Now we investigate how we can convert a number in base 10 representation to base 2 representation. From the previous section it is evident that when we write a number in base 2 representation we write it as the sum of powers of 2.

Let \(a\in\N\text{.}\) Finding the base \(2\) expansion of \(a\) means finding integers \(r_0\text{,}\) \(r_1\text{,}\) \(r_2\text{,}\) \(\ldots\text{,}\) \(r_{m-1}\text{,}\) and \(r_m\) that are either \(0\) or \(1\) such that

\begin{equation*} a=r_m\cdot 2^m+r_{m-1}2^{m-1}+\dots+r_3\cdot 2^3+r_2\cdot 2^2+r_1\cdot 2+r_0. \end{equation*}

We proceed from right to left, that is we first find \(r_0\text{,}\) then \(r_1\text{,}\) and so on.

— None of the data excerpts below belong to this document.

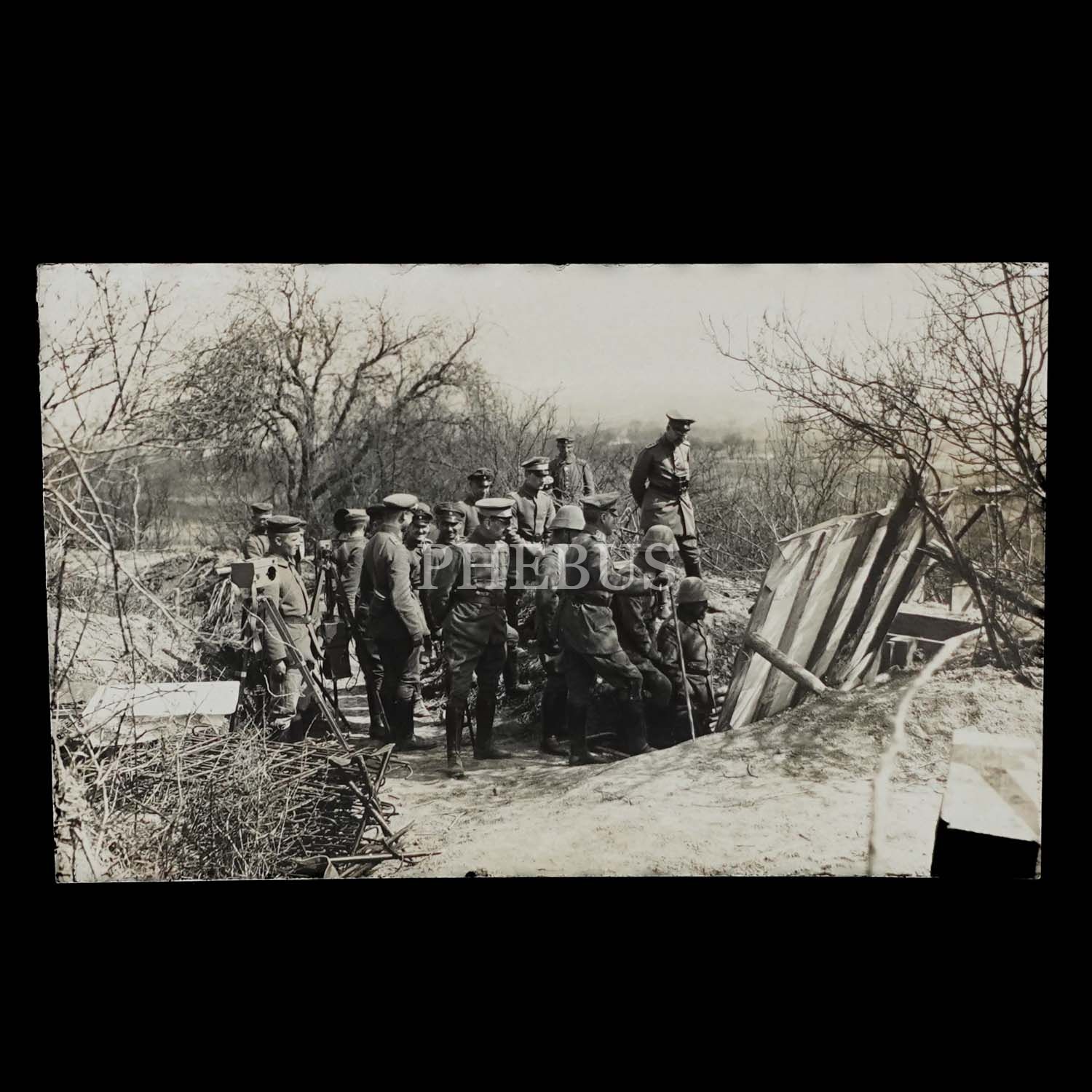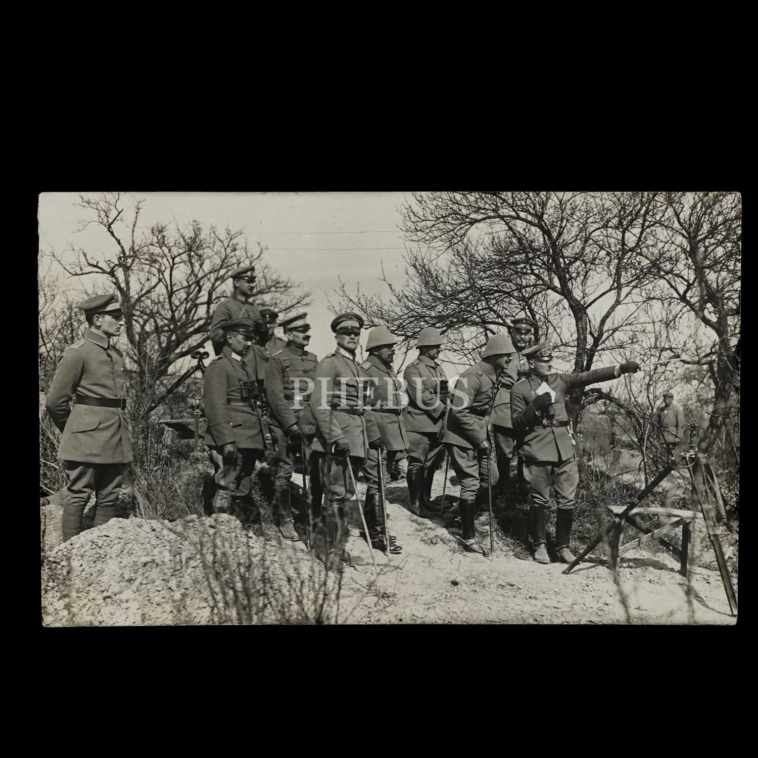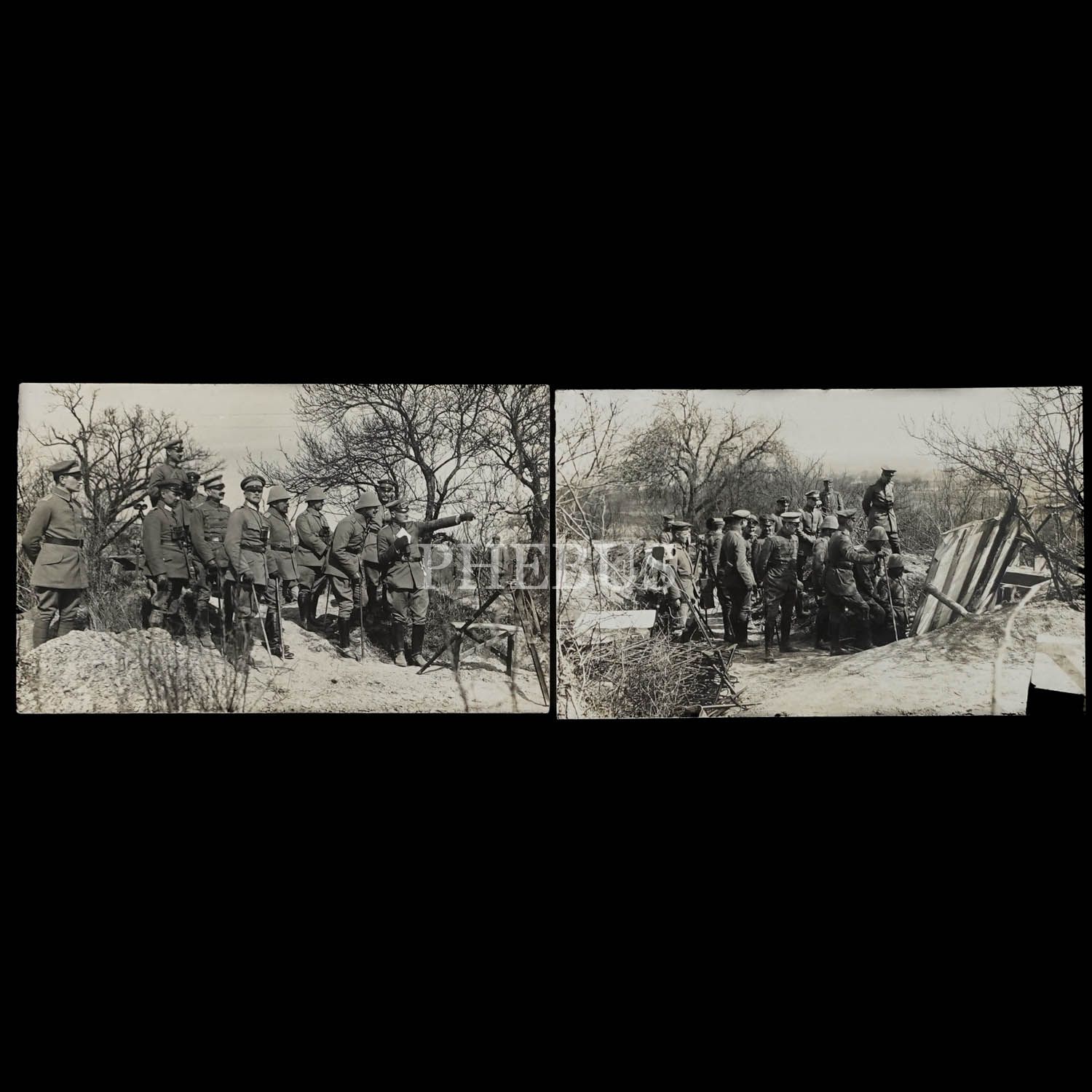 Bir mevzide inceleme yapan Türk ve Alman subayların görüldüğü iki adet enstantane fotoğraf, 14x9 cm...
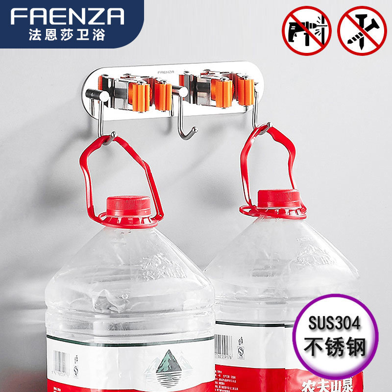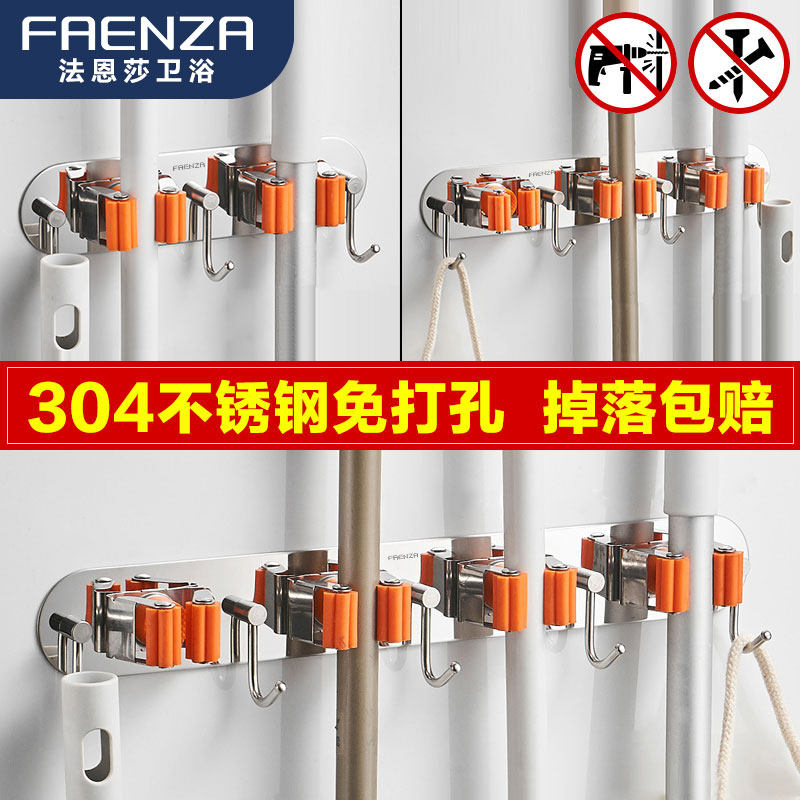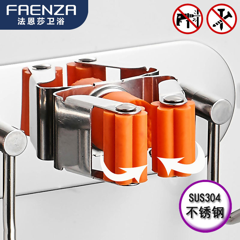 Farnsa Mop Clip Wall-mounted Free 304 stainless steel mop rack Makeup Room Mop Hooks Sweep the hanger
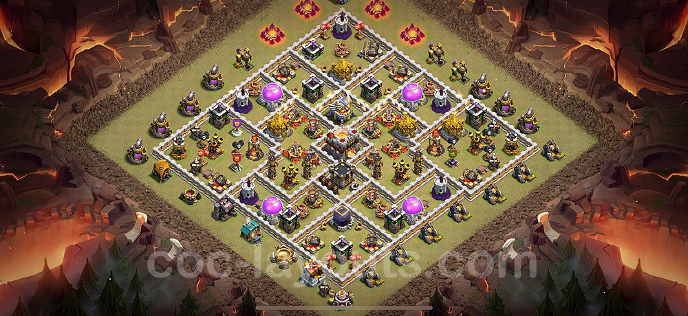 This Town Hall 11 hybrid base offers the best of both worlds - strong resource protection combined with effective trophy defense. The versatile design makes it an excellent choice for players who want to protect their loot while maintaining their trophy count. This balanced approach ensures you don't sacrifice one aspect of defense for another, making it ideal for active players across all league levels. The hybrid layout features centralized resource storages alongside a well-protected Town Hall, with multiple defensive layers that deter both farming raids and trophy pushers. High-value targets are strategically positioned within overlapping defense ranges, forcing attackers to make difficult choices about which objectives to prioritize. The compartmentalized design prevents attackers from easily achieving both loot destruction and the Town Hall kill in a single attack. Defense placement in this hybrid base creates strong coverage against both ground and air attacks. Inferno Towers, X-Bows, and Eagle Artillery work in concert to eliminate threats quickly, while splash damage defenses like Wizard Towers and Bomb Towers counter swarm strategies. The base's funnel-resistant design and strategic trap placement make it effective against popular attack strategies including QC LaLoon (Queen Charge Lava Hound Balloon), Blizzard attacks, and Yeti Smash compositions.
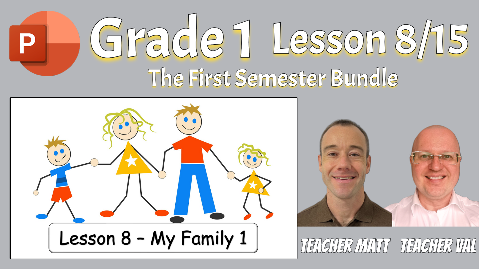 This product is the Grade 1 - Semester 1 PowerPoint Bundle Deal! There are a total of 15 PowerPoints included in this deal and it will make your start as a grade 1 teacher a lot smoother and easier. Also, these lessons are designed to guide your young learners through the basics of English little by little, so they can really learn and remember. Each lesson has new words, sentences, questions, dialogues and of course fun games to keep them engaged and interested in your class.
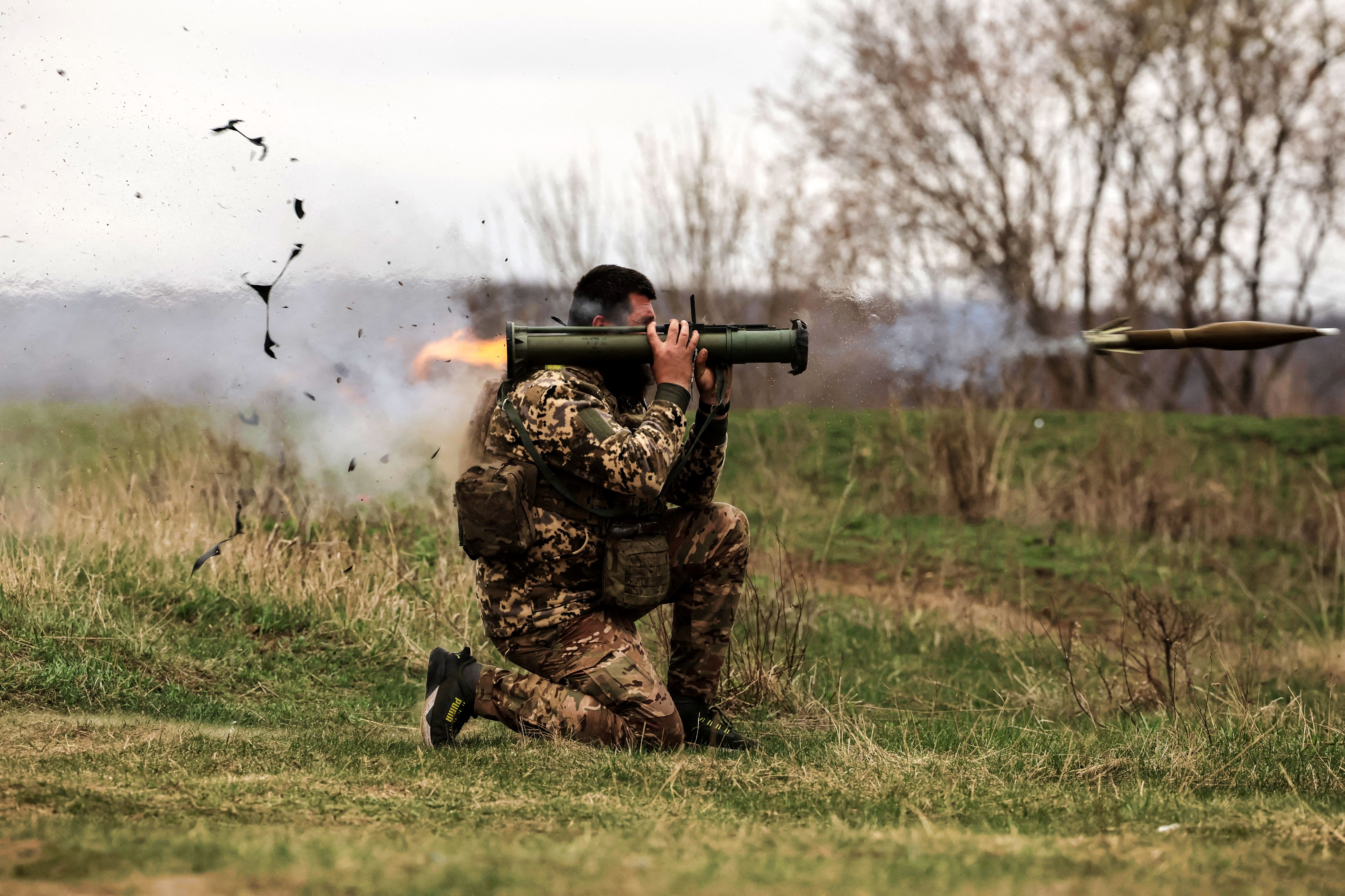 A serviceman of Ukraine's 24th Mechanized Brigade uses a grenade launcher during a training exercise, in an undisclosed location in the east of Ukraine on March 30, 2025. (Photo by Oleg Petrasiuk/Ukrainian Armed Forces)
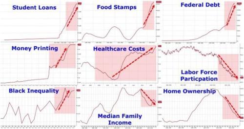 Things that should be going up in a healthy economy – Labor Force Participation Rate, Median Family Income, Home Ownership – are all going dramatically down. Those items that one would expect to see going down if the economy really were as good as The-Powers-That-Be tell us – Food Stamps, Federal Debt, Money Printing, Healthcare Costs – are going straight up.

Let \(r_0=a\fmod 2\) be the remainder of the division of \(a\) by \(2\text{.}\) Then

\begin{equation*} a=q_0\cdot 2+r_0\text{.} \end{equation*}

As \(q_0\cdot 2\) is divisible by \(2\) we have that \(r_0\) the rightmost base \(2\) digit of \(a\text{.}\)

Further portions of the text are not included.